**** RECORDS FOR THE TASK ****

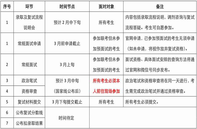 2)未参加预面试且参加过全国联考的考生均可申请常规面试,目前常规面试申请通道已开放(申请网址:),我院进行综合评估后确定常规面试资格。具体申请信息请密切留意官网和本公众号通知;
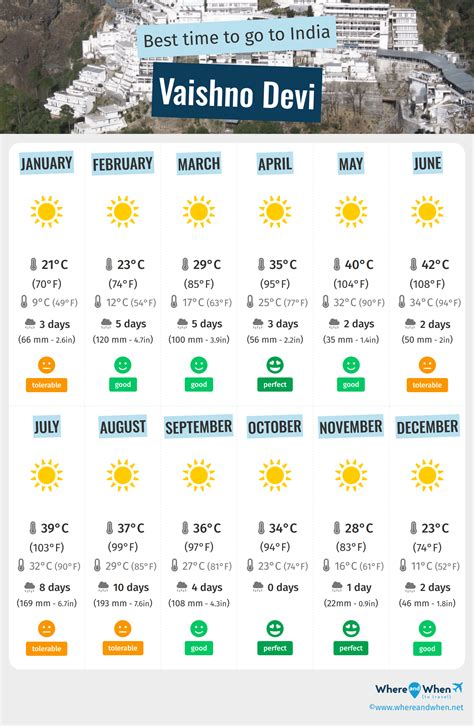 Hey guys! Planning a spiritual journey to the holy shrine of Vaishno Devi ? That’s awesome! One of the most crucial things to sort out before you pack your bags is the Jammu Vaishno Devi weather . Knowing what kind of weather to expect will seriously make your trip smoother, safer, and way more enjoyable. This holy pilgrimage takes place in the Trikuta Mountains of Jammu, and believe me, the weather there can change on a dime! Whether you’re trekking up or just chilling around the base, understanding the seasonal patterns is key. We’re talking about everything from scorching summers to freezing winters, plus the monsoon season that can bring its own set of challenges. So, let’s dive deep into what the weather gods have in store for you throughout the year and figure out the absolute best time to make your pilgrimage. Get ready to get all the deets on temperatures, rainfall, and what to pack, so you can focus on what truly matters – your spiritual quest. We’ll break down each season so you can make an informed decision, ensuring your visit is as comfortable and blessed as possible. Stick around, and you’ll be a weather expert for your Vaishno Devi trip in no time!
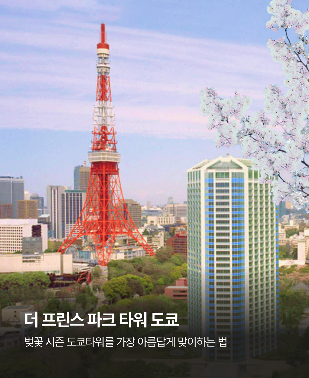 낮에는 분홍빛 벚꽃과 함께 멋진 도쿄타워를,
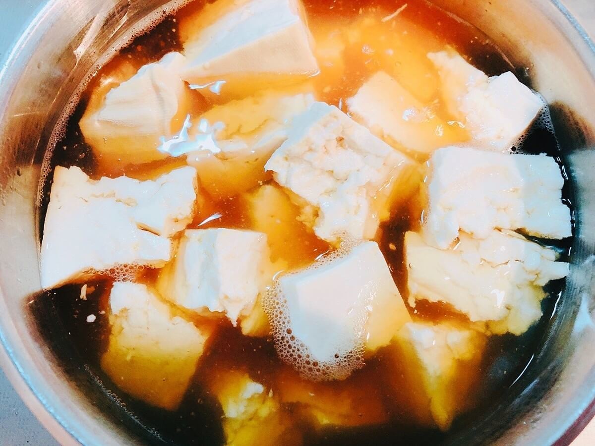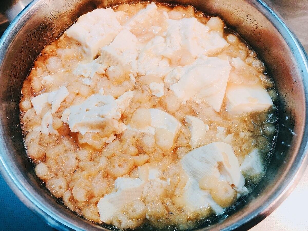 ② ①が沸騰したら、木綿豆腐を手でちぎりながら入れ10分くらい煮ます。
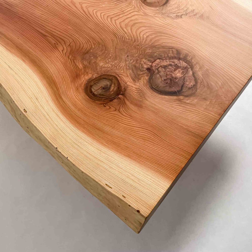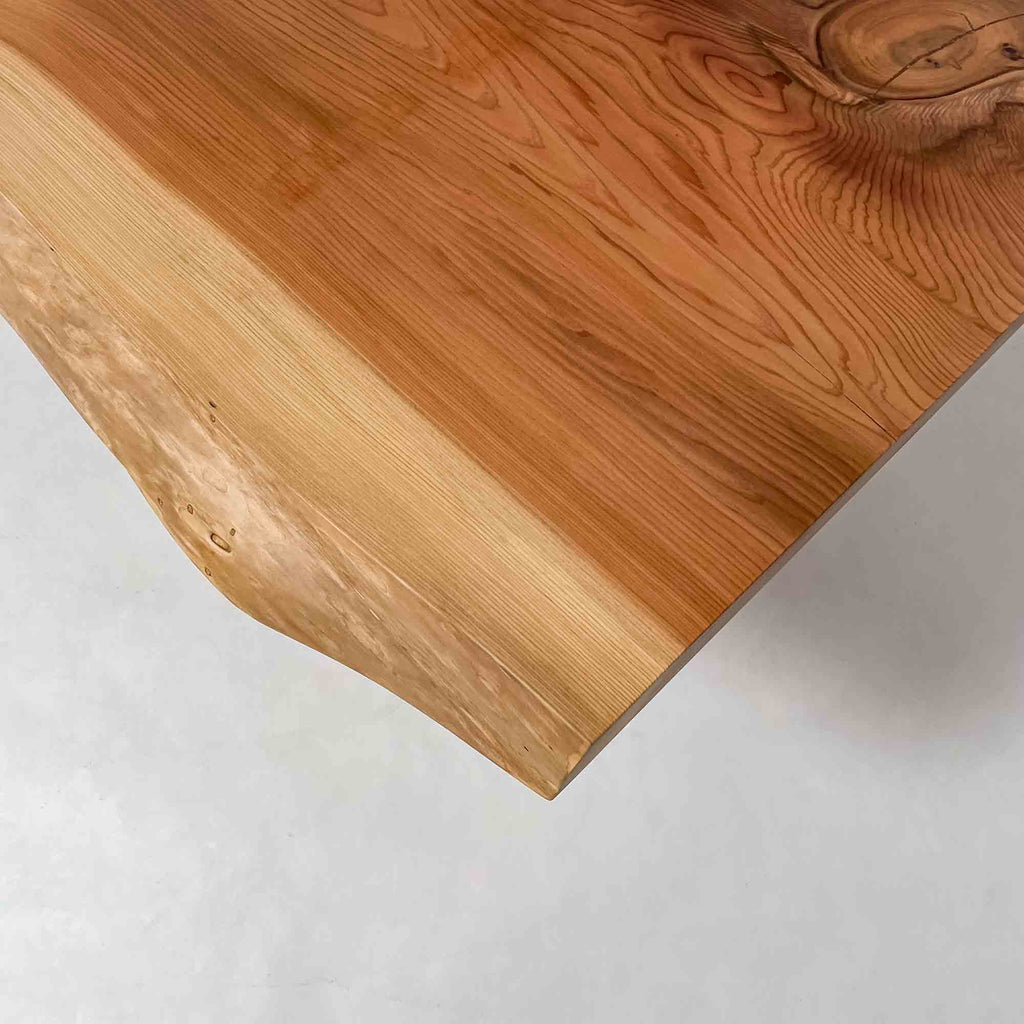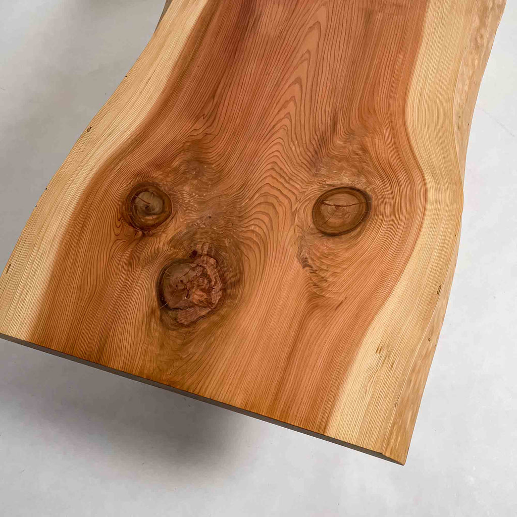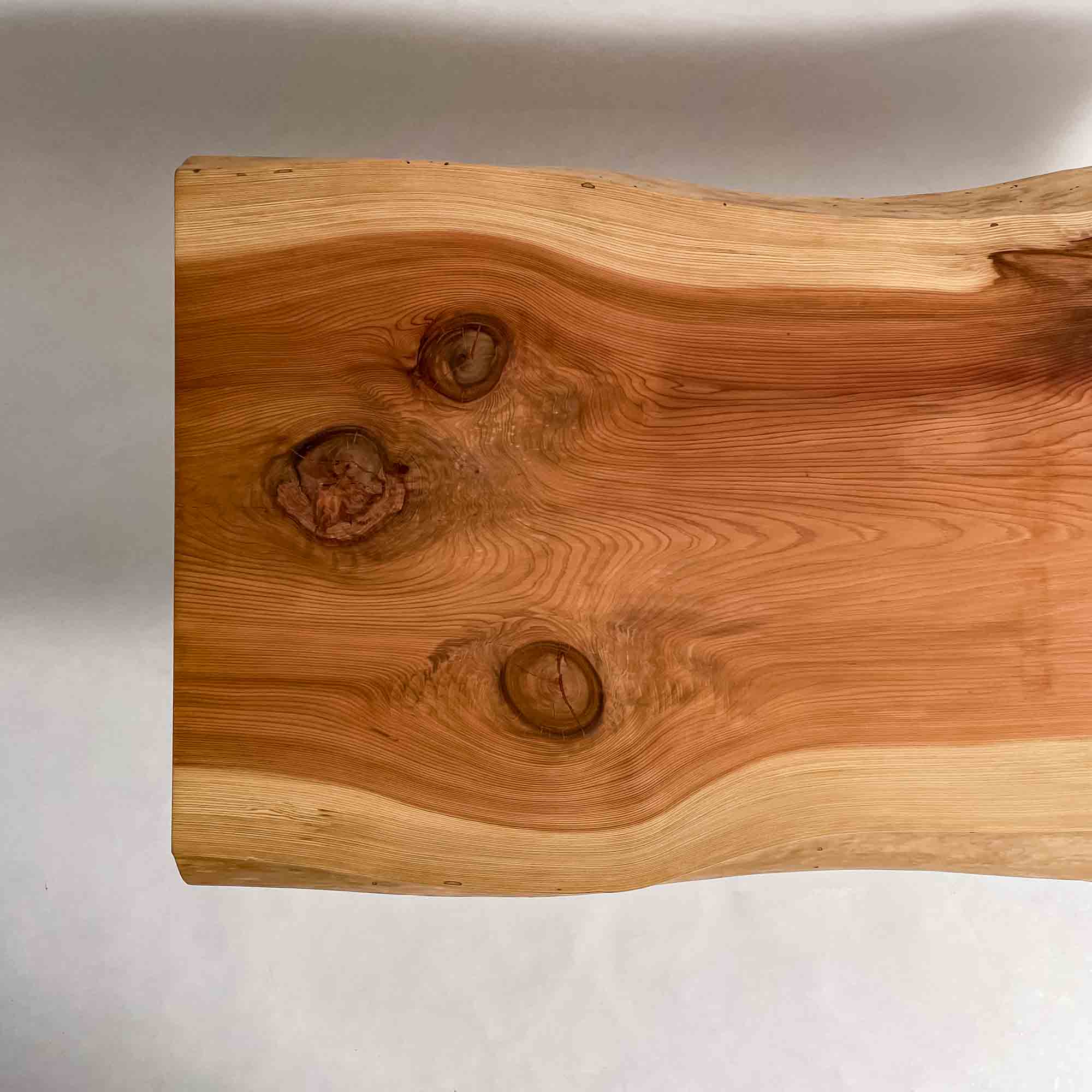 この板を選ぶ理由 密に育った時間が整った木目として現れ、形状の絞りとともに暮らしの中心に自然と軸が生まれます。 |
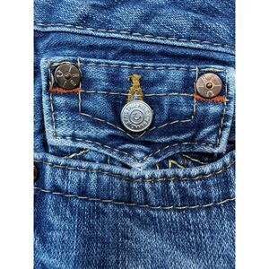 This is your new favorite pair of True Religion jeans. They are the perfect low-rise fit, giving a flattering line through the hip and a slight flare for that on-trend silhouette. The Ocean Blue wash is versatile and goes perfectly with a heel or a sneaker—a true Daily Uniform essential. Made from a comfortable Cotton/Spandex Blend, they move with you, whether you’re running errands or enjoying a night out. This is a great piece for building trust in your wardrobe. Size 28 confirmed.
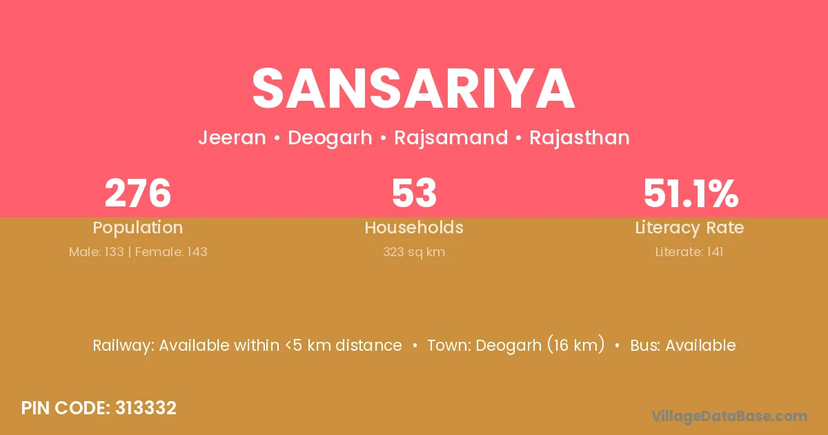 Deogarh (16 km) is the nearest town to Sansariya village for major economic activities and is located approximately 16 km away.

****

TASK REQUIREMENTS »
Pictures don't belong in the copy. Transcribe every record exactly as it appears.

FINISHED EXERCISE »
 2)未参加预面试且参加过全国联考的考生均可申请常规面试,目前常规面试申请通道已开放(申请网址:),我院进行综合评估后确定常规面试资格。具体申请信息请密切留意官网和本公众号通知;
 Hey guys! Planning a spiritual journey to the holy shrine of Vaishno Devi ? That’s awesome! One of the most crucial things to sort out before you pack your bags is the Jammu Vaishno Devi weather . Knowing what kind of weather to expect will seriously make your trip smoother, safer, and way more enjoyable. This holy pilgrimage takes place in the Trikuta Mountains of Jammu, and believe me, the weather there can change on a dime! Whether you’re trekking up or just chilling around the base, understanding the seasonal patterns is key. We’re talking about everything from scorching summers to freezing winters, plus the monsoon season that can bring its own set of challenges. So, let’s dive deep into what the weather gods have in store for you throughout the year and figure out the absolute best time to make your pilgrimage. Get ready to get all the deets on temperatures, rainfall, and what to pack, so you can focus on what truly matters – your spiritual quest. We’ll break down each season so you can make an informed decision, ensuring your visit is as comfortable and blessed as possible. Stick around, and you’ll be a weather expert for your Vaishno Devi trip in no time!
 낮에는 분홍빛 벚꽃과 함께 멋진 도쿄타워를,
 ② ①が沸騰したら、木綿豆腐を手でちぎりながら入れ10分くらい煮ます。
 この板を選ぶ理由 密に育った時間が整った木目として現れ、形状の絞りとともに暮らしの中心に自然と軸が生まれます。 |
 This is your new favorite pair of True Religion jeans. They are the perfect low-rise fit, giving a flattering line through the hip and a slight flare for that on-trend silhouette. The Ocean Blue wash is versatile and goes perfectly with a heel or a sneaker—a true Daily Uniform essential. Made from a comfortable Cotton/Spandex Blend, they move with you, whether you’re running errands or enjoying a night out. This is a great piece for building trust in your wardrobe. Size 28 confirmed.
 Deogarh (16 km) is the nearest town to Sansariya village for major economic activities and is located approximately 16 km away.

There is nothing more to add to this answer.